訪れる沈黙。ガルドもローネも首を傾げてルトラの次なる行動を待つが、何も起こらない。
「もしかしてお前達の幻惑か!? 実は発動してたのかよ!?」
「し、知らない!? 姉様が今日は化粧乗りが悪いから魔力は出来れば使いたくないって!? だから相手を見てからにしようって……!?」
「なんだぁその女子的都合! 意味わかんねぇ!? じゃあ何だ!? ただ単にルトラちゃんの体力切れだってか!? ……超攻撃性能に万能オート機能付き絶対防御っつーチートスキル……え、本当に?」
「はへ……た、助かった、の……? ていうか姉様を殺しておいて呑気に寝るなんて! このメスガキがぁ!!」
「気絶してるとすりゃあ絶対防御も発動しねぇか!? チッ! 世話の焼けるお姫様だ!!」
ガルドは快足を飛ばし、薔薇の槍でルトラを穿とうとするローネに飛び蹴りをぶちかました。
「あぎゃ!? ぃったーい! ワタクシの邪魔をしようって言うの?」
「このお姫様は俺の獲物なんでなぁ! 滲み出るポンコツのてめぇ如きに殺らせはしねぇよ!」
「ふぅん……幻惑の九割はワタクシの魔力が作用してるって知っての発言かしらぁ?」
「ポンコツは姉の方だったか……すみませんでした。

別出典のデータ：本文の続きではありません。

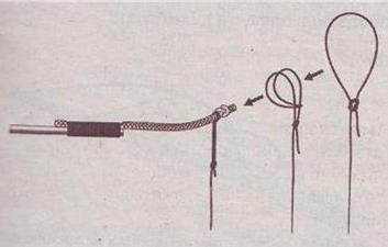 Рис. 7. Крепление лески на маховое удилище с помощью пластиковой застежки Застежка (рис. 7) устанавливается на удилище с помощью обычного «суперклея» или любого другого водостойкого клея. Леса зацепляется за специальный крючок на застежке, на который, для предотвращения самопроизвольного соскальзывания лесы, надвигается защитная бухточка. Это самый «продвинутый» вариант крепления лесы к удилищу — и пользоваться удобно, и леса не деформируется, так как застежка пластмассовая. Амортизатор Таким типом застежки можно посоветовать воспользоваться обладателям «стеклянных» удилищ большой мощности. Это даже и не застежка, как таковая, но тоже годится для закрепления лесы на удилище. При изготовлении амортизатора необходимо иметь резину в оплетке, длиной от 4 до 10 сантиметров. Для этих целей хорошо подходит резиночка, которой крепят бирки к чемоданам в аэропорах. Альтернативой является шляпная резинка, продающаяся в магазинах «Все для шитья», хотя та резинка растягивается хуже. Резинки без оплетки (для штекерных удилищ) нам не подойдут, хотя и растягиваются лучше. Они просто рвутся после нескольких рыбалок из-за воздействия воды и солнца. Если вам не удалось достать резинку, не переживайте. Вместо нее можно использовать тонкий капроновый ботиночный шнурок (или подобную веревочку). Хотя это не будет амортизатором как таковым, роль застежки шнурок выполняет прекрасно. Как установить амортизатор? Приматываем к кончику удилища один конец резинки с перекрытием в 1 сантиметр. Приматывать лучше капроновыми нитками, предварительно смазанными клеем или нитролаком. Намотку (после высыхания клея) желательно покрыть водостойким лаком. На противоположном конце резинки завязываем простой узелок и его так же покрываем лаком. Леса крепится обычной «удавкой», которая держится и не соскальзывает за счет узла (рис. 8).

許してください」
「い・や。姉様がいれば完全体の幻惑だけど、一人でも幻惑は生み出せるわよ。冥土の土産に覚えて逝きなさい、ワタクシは魔王軍幹部の一人ローネ様よ。それじゃあ、おやすみなさい」
両手を広げ凶悪な魔力が周囲五百メートルに拡散する。
見た事も無い悪劣で息苦しい程の魔力に困惑するガルドを細めた双眸で眺め、艶かしく唇に手を当てながら術名を解放する。
「【ガーデンオブロイヤリジェ】」
『忘却の森』の一部が幻惑に呑み込まれた。